**What is required:**
Please retype the data below line for line and leave out every picture.

[Excerpts from a dataset]
━━━━━━━━━━

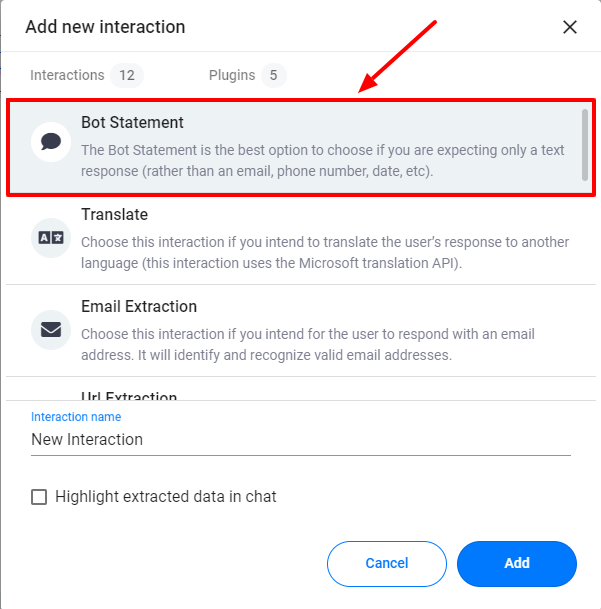 For now, click on “Bot Statement.” It is the simplest interaction, and it’s best for helping beginners understand what they are doing.
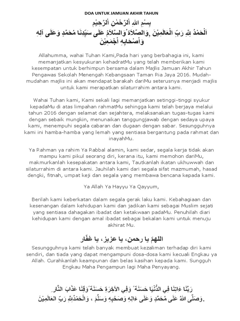 Contoh Teks Ucapan Pengacara Majlis Sempena Jamuan Akhir Tahun from imgv2-1-f.scribdassets.com Allahumma maa 'amiltu fii haadzihis sanati mimmaa nahaitanii 'anhu falam atub minhu walam tardlahu walam tansahuu wahalimta 'alayya ba'da qudratìka 'alaa 'uquubatii. Sesiapa yang membaca doa ini, syaitan berkata : Mengisi akhir tahun untuk instrospeksi diri. Doa akhir tahun dibaca 3 kali pada akhir waktu asar atau sebelum masuk waktu maghrib pada akhir bulan zulhijjah. Adab yang sebaiknya dilakukan ketika akhir tahun. Nk pamerkan serba sedikit ( x la sikit sgt ) f0t02x ketika jamuan last year at my school. Download lagu jamuan akhir tahun mp3 dan video mp4. Bahkan beberapa orang secara khusus membuat resolusi untuk memulai tahun baru.
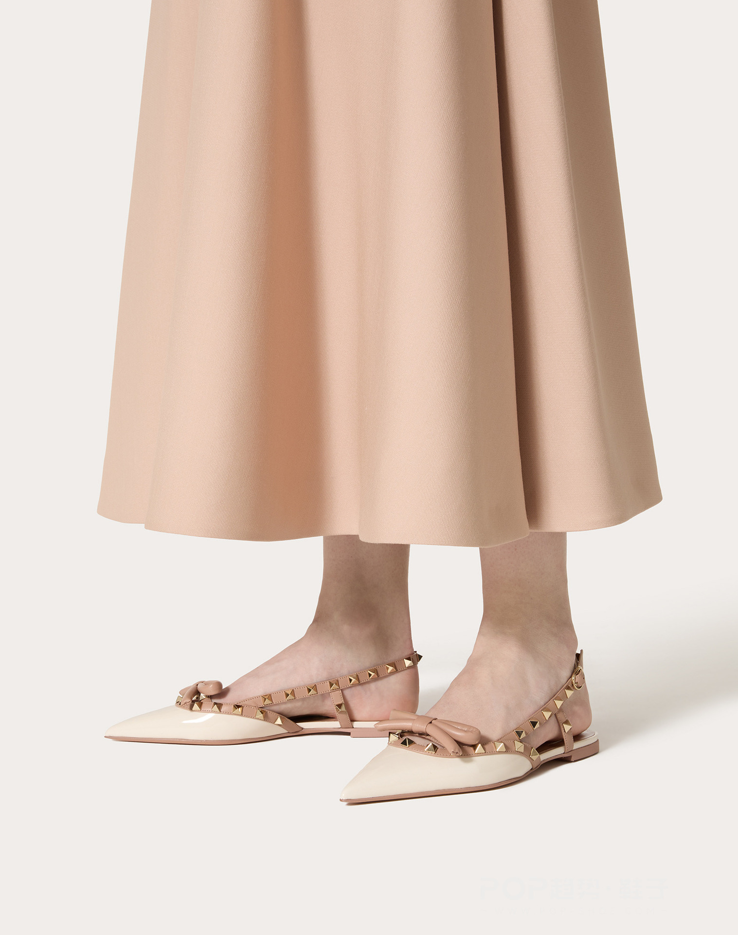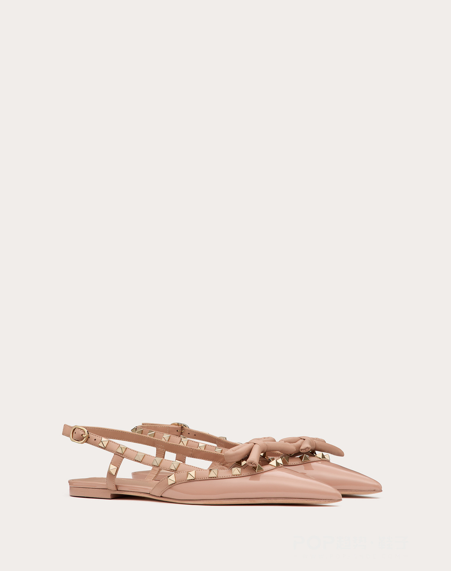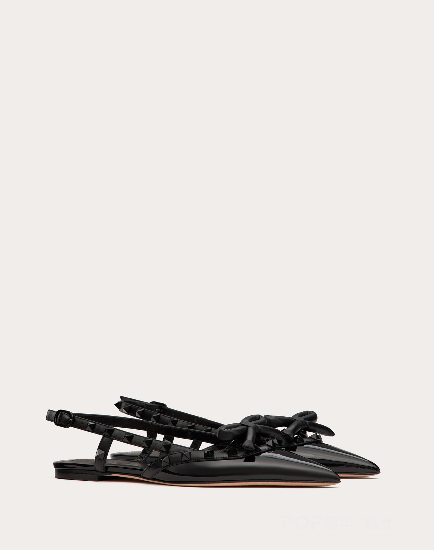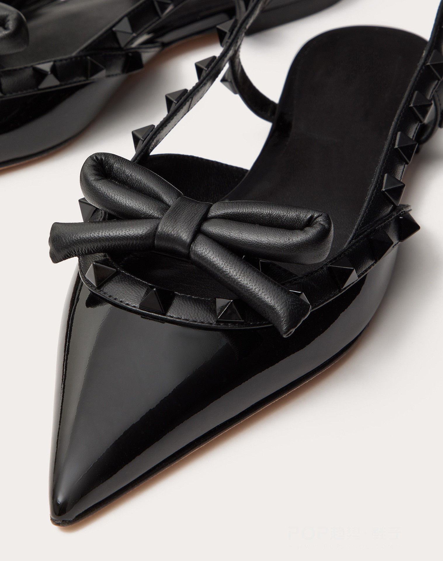 2024 화렌 하이힐 플랫 슈즈 여성용 플랫 힐 리본 장식 리벳 라커 가죽 뾰족코 플랫 슈즈 패셔너블하고 다재다능함
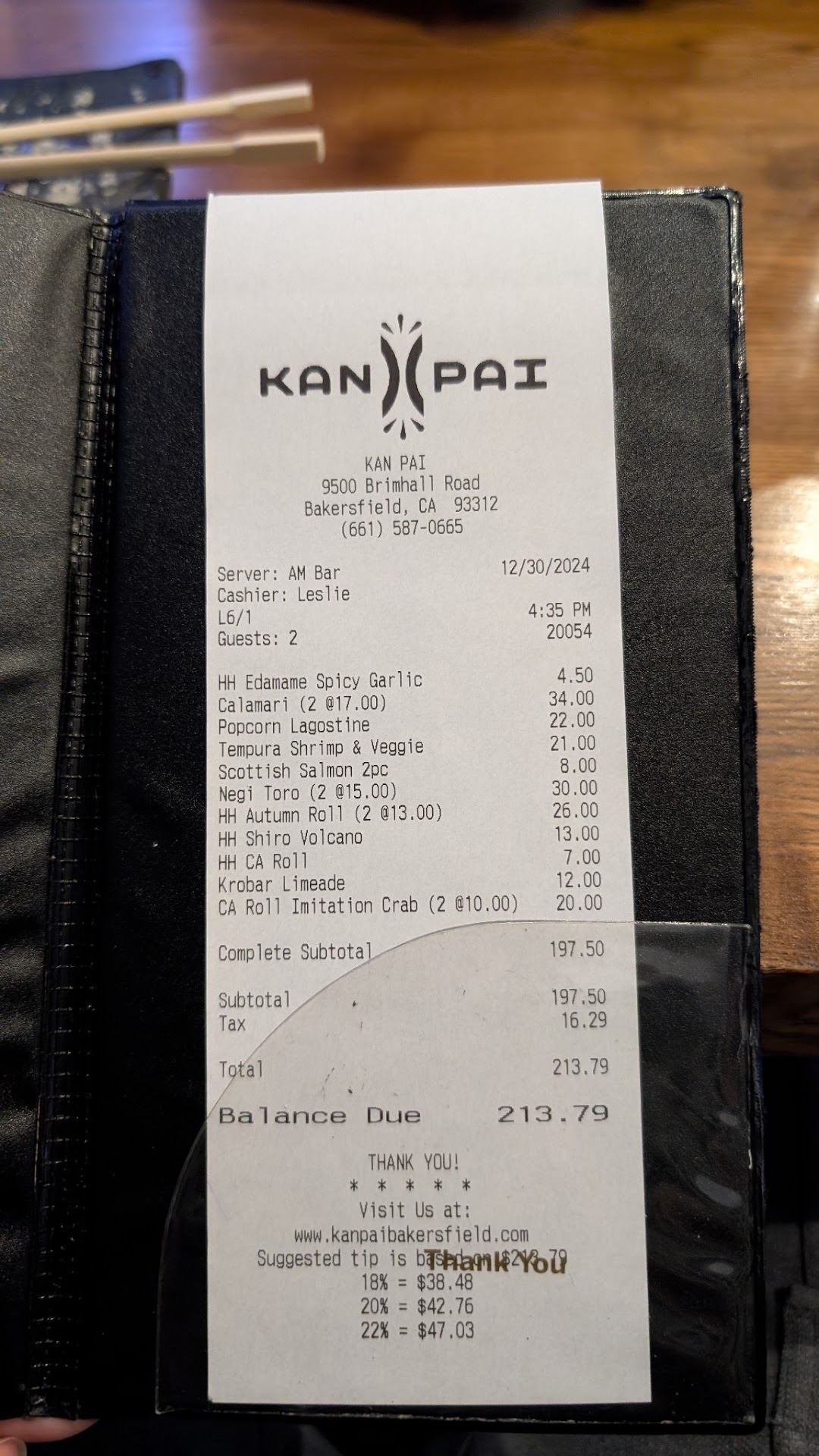 Food was ok but the service was TERRIBLE!!!!! We visited Kan Pai tonight for the first time. After ordering 3 rolls, a Diner plate, several appetizers and desert, we waited over 20mins and never saw our waitress again... when someone else came to fill up our water, I asked where our rolls were?? As the table next to us, was seated well after us, ordered well after us and had already received their 3 rolls and were mid way through their meal.... The bus boy said he would check. Again no one came by... 5 mins later he brought us 1 roll. 10 mins after that our next 2 rolls came out... After our food was delivered, we were checked on 1 time in 45 mins. Our drinks, hot tea, iced tea & wine, were never refilled or even asked if we wanted a refill. . Dessert was ordered when our initial order was placed. And never brought to our table. We sat and wait about 10 mins after finishing our meal and the check was never brought to us. We ended up having to go up to the front desk area and ask for our check. We got our check, paid and walked out. Over $100 for a Horrible Experience!!!! After I began feeling like, Why should I pay for the dessert I never received? and why did the waitresses, when I paid, not offer, to remove the desert I never received? You’re OK with me paying for food I never received? So I went back in and asked to speak with the manager, Randy the owner ended up coming to speak with me. He refunded me 4 dollars. Yep an entire four dollars!!! He credit me from the desert that I never received. Wow! Thank you so much. After telling him what a horrible experience it was. After telling him she did not check on me, Except one time in 45 minutes. He offered me an entire four dollar refund. The table next to me was checked on 10 times. By the same waitress. And I was checked on once. His response was sorry it’s so hard to find good help right now. No one wants to work and we’re constantly understaffed. He said he is literally chasing his own tail right now trying to find staff. Needless to say, this was a Horrible Experience. We will not be going back. And the way that Owner handled it was even worse! Now I understand why the staff is,...
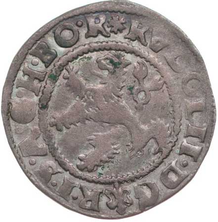| 203. | Haléř se čtyřrázem, Kutná Hora, česká koruna (z let 1384-1419)
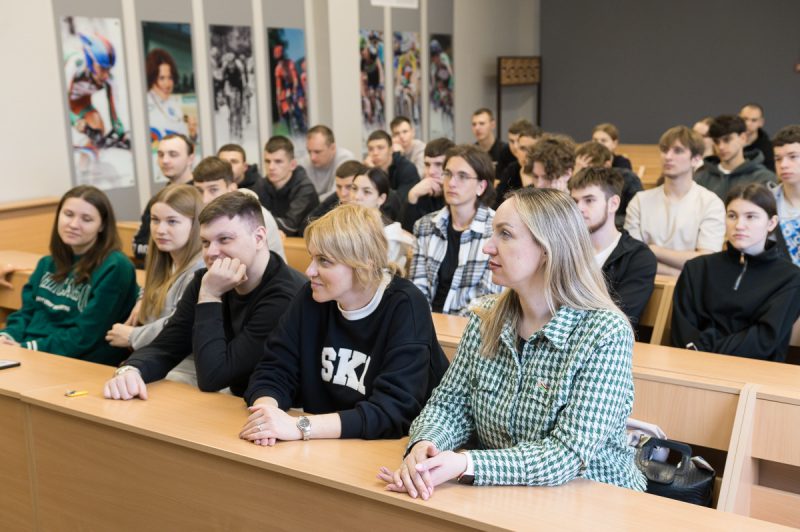 Александр Анатольевич обозначил, что Победа в Великой Отечественной войне всегда будет вызывать гордость за подвиг наших предков, за их героизм и самоотверженность в борьбе с врагом. Он обратил внимание на то, что 80 лет назад была одержана великая Победа советского народа в Великой Отечественной войне: «Мы чтим память тех, кто дал нам светлое небо над головой и возможность достигать больших спортивных рекордов». В завершении встречи Александр Анатольевич сказал напутственные слова своего тренера, Заслуженного деятеля физической культуры БССР Эрнеста Владимировича Асиевского: «Падая и вставая мы растем. Не бойтесь упасть, бойтесь не встать».
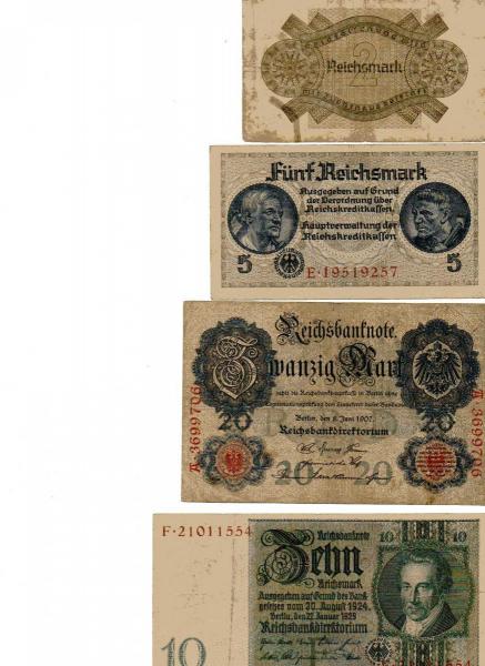 Comunque, per quanto riguarda l'identificazione, non dovresti avere problemi, è scritto chiaramente su tutte il valore, la data e il paese che le ha emesse. Abbiamo marchi tedeschi dell'Impero, di Weimar e del Terzo Reich, zlotych polacchi, corone austroungariche e rubli dell'ultimo periodo degli zar.

━━━━━━━━━━

**Solution to this problem:**
 For now, click on “Bot Statement.” It is the simplest interaction, and it’s best for helping beginners understand what they are doing.
 Contoh Teks Ucapan Pengacara Majlis Sempena Jamuan Akhir Tahun from imgv2-1-f.scribdassets.com Allahumma maa 'amiltu fii haadzihis sanati mimmaa nahaitanii 'anhu falam atub minhu walam tardlahu walam tansahuu wahalimta 'alayya ba'da qudratìka 'alaa 'uquubatii. Sesiapa yang membaca doa ini, syaitan berkata : Mengisi akhir tahun untuk instrospeksi diri. Doa akhir tahun dibaca 3 kali pada akhir waktu asar atau sebelum masuk waktu maghrib pada akhir bulan zulhijjah. Adab yang sebaiknya dilakukan ketika akhir tahun. Nk pamerkan serba sedikit ( x la sikit sgt ) f0t02x ketika jamuan last year at my school. Download lagu jamuan akhir tahun mp3 dan video mp4. Bahkan beberapa orang secara khusus membuat resolusi untuk memulai tahun baru.
 2024 화렌 하이힐 플랫 슈즈 여성용 플랫 힐 리본 장식 리벳 라커 가죽 뾰족코 플랫 슈즈 패셔너블하고 다재다능함
 Food was ok but the service was TERRIBLE!!!!! We visited Kan Pai tonight for the first time. After ordering 3 rolls, a Diner plate, several appetizers and desert, we waited over 20mins and never saw our waitress again... when someone else came to fill up our water, I asked where our rolls were?? As the table next to us, was seated well after us, ordered well after us and had already received their 3 rolls and were mid way through their meal.... The bus boy said he would check. Again no one came by... 5 mins later he brought us 1 roll. 10 mins after that our next 2 rolls came out... After our food was delivered, we were checked on 1 time in 45 mins. Our drinks, hot tea, iced tea & wine, were never refilled or even asked if we wanted a refill. . Dessert was ordered when our initial order was placed. And never brought to our table. We sat and wait about 10 mins after finishing our meal and the check was never brought to us. We ended up having to go up to the front desk area and ask for our check. We got our check, paid and walked out. Over $100 for a Horrible Experience!!!! After I began feeling like, Why should I pay for the dessert I never received? and why did the waitresses, when I paid, not offer, to remove the desert I never received? You’re OK with me paying for food I never received? So I went back in and asked to speak with the manager, Randy the owner ended up coming to speak with me. He refunded me 4 dollars. Yep an entire four dollars!!! He credit me from the desert that I never received. Wow! Thank you so much. After telling him what a horrible experience it was. After telling him she did not check on me, Except one time in 45 minutes. He offered me an entire four dollar refund. The table next to me was checked on 10 times. By the same waitress. And I was checked on once. His response was sorry it’s so hard to find good help right now. No one wants to work and we’re constantly understaffed. He said he is literally chasing his own tail right now trying to find staff. Needless to say, this was a Horrible Experience. We will not be going back. And the way that Owner handled it was even worse! Now I understand why the staff is,...
| 203. | Haléř se čtyřrázem, Kutná Hora, česká koruna (z let 1384-1419)
 Александр Анатольевич обозначил, что Победа в Великой Отечественной войне всегда будет вызывать гордость за подвиг наших предков, за их героизм и самоотверженность в борьбе с врагом. Он обратил внимание на то, что 80 лет назад была одержана великая Победа советского народа в Великой Отечественной войне: «Мы чтим память тех, кто дал нам светлое небо над головой и возможность достигать больших спортивных рекордов». В завершении встречи Александр Анатольевич сказал напутственные слова своего тренера, Заслуженного деятеля физической культуры БССР Эрнеста Владимировича Асиевского: «Падая и вставая мы растем. Не бойтесь упасть, бойтесь не встать».
 Comunque, per quanto riguarda l'identificazione, non dovresti avere problemi, è scritto chiaramente su tutte il valore, la data e il paese che le ha emesse. Abbiamo marchi tedeschi dell'Impero, di Weimar e del Terzo Reich, zlotych polacchi, corone austroungariche e rubli dell'ultimo periodo degli zar.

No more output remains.